Your bios will allow you to select a device to boot from on startup, the key to access this menu varies on motherboard to motherboard for me at the moment AS Rock Extreme 6 it's F11, but I used to do this with MSI and Gigabyte boards (I've not had an asus in quite some time). You should see a notification when bios is doing its thing for which key to press, if not go into bios and disable startup screen so you can see what is going on.

Right now this is all it is showing, I have 2 ssd and 2 hdd and is only showing my windows 10 os here on my Kingston. It used to ask me before going into Windows if I wanted Ubuntu.

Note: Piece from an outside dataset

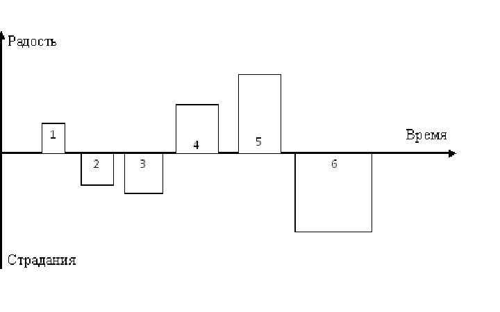 Пример сменяемости страданий и радостей в жизни: ребенок (мальчик) в определенном возрасте начинает ходить на бальные танцы и получать от этого удовольствие и радость, но спустя время, окружающие его мальчишки начинают донимать (а может даже и бить) и он перестает испытывать радость и наступает время страданий. Спустя какое-то время мальчик перестает ходить на танцы и идет в спортзал заниматься боксом и также испытывает страдания от трудностей, возникающих от занятий спортом до тех пор, пока не начинает получаться. И с этого момента наступает период радости. После, в школе одноклассники попадают под прессинг новоявленного боксера и он снова получает радость, а когда он начинает бить и старшеклассников, то к нему приходить уважение, которое он ранее не испытывал, от большинства детей, он начинает испытывать более увеличенную радость. Но с этого момента его начинают ненавидеть учителя и часть детей, от чего начинает испытывать еще более сильные страдания (взрослые способны более изощренно оказывать агрессивное давление на детей). Это можно графически изобразить на графике. Ось абсцисс будем называть осью времени, а ось ординат – уровнем эмоции (радость или страдания). Где 1 – занятие бальными танцами, 2 – прессинг мальчишек, 3 – трудности занятий боксом, 4 – успехи в боксе, 5 – уважение в детском коллективе, 6 – прессинг учителей. Но в этом графическом изображение не хватает действительных величин: продолжительности времени прошедших событий и степени эмоций.

I can manually go into the bios and launch Ubuntu here

But I don't really want to go into the bios everytime. I think I need all of my drives to show up in the first pic. I also tried to change my os system config in Windows with no luck

You should have an option to select boot drive by pressing a key while booting without entering bios. For me on asrock I press f11. I think it was f5 on an older machine I built. Make sure you have boot in bios set to "try other devices", it might show you the short cut key on boot then. If not google search your mobo model and add something like bios boot menu hard drive select.

Thank I'll check it out

I would recommend separate installs on separate drives versus a "blended install" due to the fact that if you decide that you are don't want to experiment with that particular install of Linux any more, when deleted, it will take windows boot.ini file with it and you will have to rebuild it through the DOS prompt before your windows install will load again. (Speaking from experience)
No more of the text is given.